BEFORE THE DISTRICT CONSUMER DISPUTES REDRESSAL FORUM KARNAL.
Complaint No. 279 of 2018
Date of instt.18.10.2018
Date of Decision 02.12.2019
Harinder Singh, aged 32 years, son of Shri Balbir Singh, resident of Quarter no.102, Old LIG, near MIG, Police Complex, Madhuban, District Karnal.
…….Complainant.
Versus
1. TATA AIG Insurance Company Limited, through its General Manager, Area Office, SCO 254, 1st floor, Sector 12, Karnal.
2. TATA AIG Insurance Company Limited, through its General Manager, Head Office, SCO 6, 7, Cabin no.21-22, 2nd floor, Ranjan Plaza, Ambala Chandigarh, Highway, Zirkpur, Mohali.
3. Family Health Plan (TPA Limited), Cyber Spazio, Suite no.101, 102, 109, Ground Gloor, Road no.2, Nanjara Hills, Hyderbad.
4. Shri Ram Chand Memorial Hospital Pvt. Ltd. 12, Ashoka Colony, Opp. Virk Hospital, Karnal.
…..Opposite Parties.
Complaint u/s 12 of the Consumer Protection Act.
Before Sh. Jaswant Singh……President.
Sh.Vineet Kaushik ………..Member
Dr. Rekha Chaudhary…….Member
Present Shri Ravi Mehra Advocate for complainant.
Shri Naveen Khatterpal Advocate for OPs no.1 and 2.
OPs no.3 and 4 exparte.
(Jaswant Singh President)
ORDER:
This complaint has been filed by the complainant u/s 12 of the Consumer Protection Act 1986 on the averments that complainant has taken the Medi-Claim Insurance Family Policy from OP no.1, vide policy no.0200127153 dated 05.01.2018 to 04.01.2019, this policy continue last 6 years and the complainant paid a sum of Rs.9717/- per annum as premium. The said policy was cashless policy. On 19.07.2018 the complainant has suffered from some disease and he was got admitted in Ram Chand Memorial Hospital, Karnal for four days i.e. 19.07.2018 to 23.07.2018. Complainant spent Rs.68,897/- on his treatment. Prior to this complainant checked himself from the said hospital on 15.07.2018 and paid an amount of Rs.1640/- to said hospital and again checked on 26.07.2018 and on 31.07.2018 and paid Rs.184/- and Rs.1500/- respectively. After the treatment the complainant submitted the necessary documents i.e. bills etc. for settlement of the claim to OP no.1. The OP no.1 has received all the documents and told to the complaint to wait for some days. Thereafter, complainant requested the OPs so many times for settlement of the claim but OPs did not settle the claim and lastly repudiated the claim of the complainant, vide letter dated 17.09.2018 on the false ground. In this way there was deficiency in service on the part of the OPs. Hence complainant filed the present complaint.

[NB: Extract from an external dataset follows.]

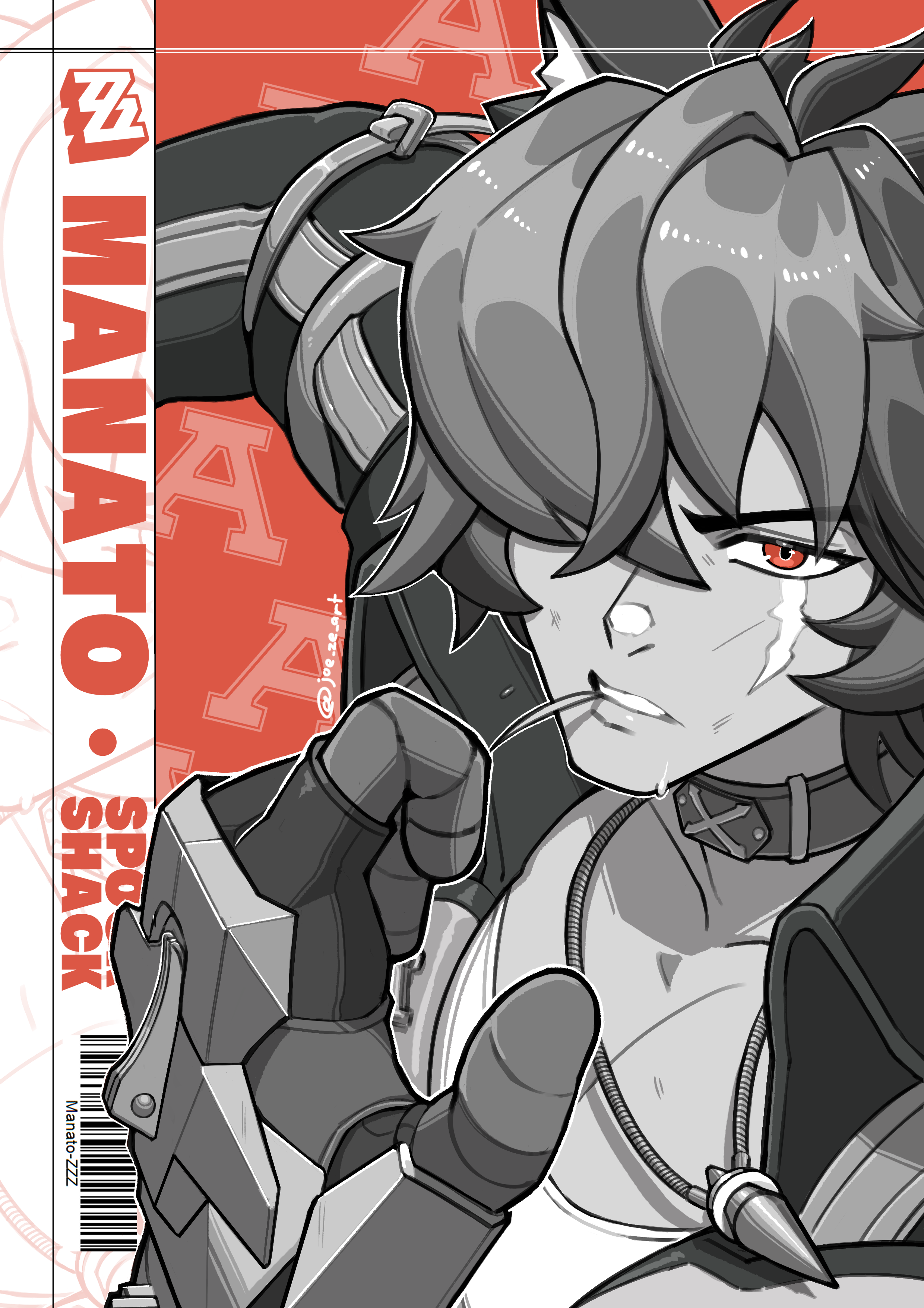 1boy absurdres animal_ear_fluff animal_ears barcode black_jacket character_name clenched_teeth clip_studio_paint_(medium) collar collarbone commentary dog_boy dog_ears english_commentary greyscale_with_colored_background hair_over_one_eye hand_up highres jacket joe_westbrook komano_manato leaf_in_mouth looking_at_viewer male_focus parted_lips portrait red_background red_eyes scar scar_on_face short_hair solo spot_color teeth zenless_zone_zero

2. Notice of the complaint was given to the OPs, OPs no.1 and 2 appeared and filed their written statement raising preliminary objections with regard to maintainability; jurisdiction and concealment of true and material facts. On merits, it is pleaded that the insured had availed mediclaim policies, vide policy no.0235842219 from 01.01.2013 to 12.02.2016. Further, complainant extended his mediclaim for every year under policy no.0200127153. The present claim falls under the policy no.0200127153 which was availed from 01.05.2018 to 01.04.2019. He has lodged claim of Rs.69697/- on 24.07.2018 by sending duly filled and signed claim form to OP on 07.08.2018 claiming reimbursement of expenses in respect of treatment taken by him for Recurrent UTI for which he was admitted in Shri Ram Chand Memorial Hospital from 19.07.2018 to 23.07.2018. It is further pleaded that after receiving claim intimation and some documents, OPs no.1 and 2 sent the claim to concerned department for processing the same. During processing, it was found that complainant has not provided entire requisite documents as well as information to the OPs no.1 and 2 and in the absence of said documents and information, the claim cannot be processed. OPs no.1 and 2 sent letter dated 09.08.2018 to the complainant while requesting him to provide following additional information(s) document(s).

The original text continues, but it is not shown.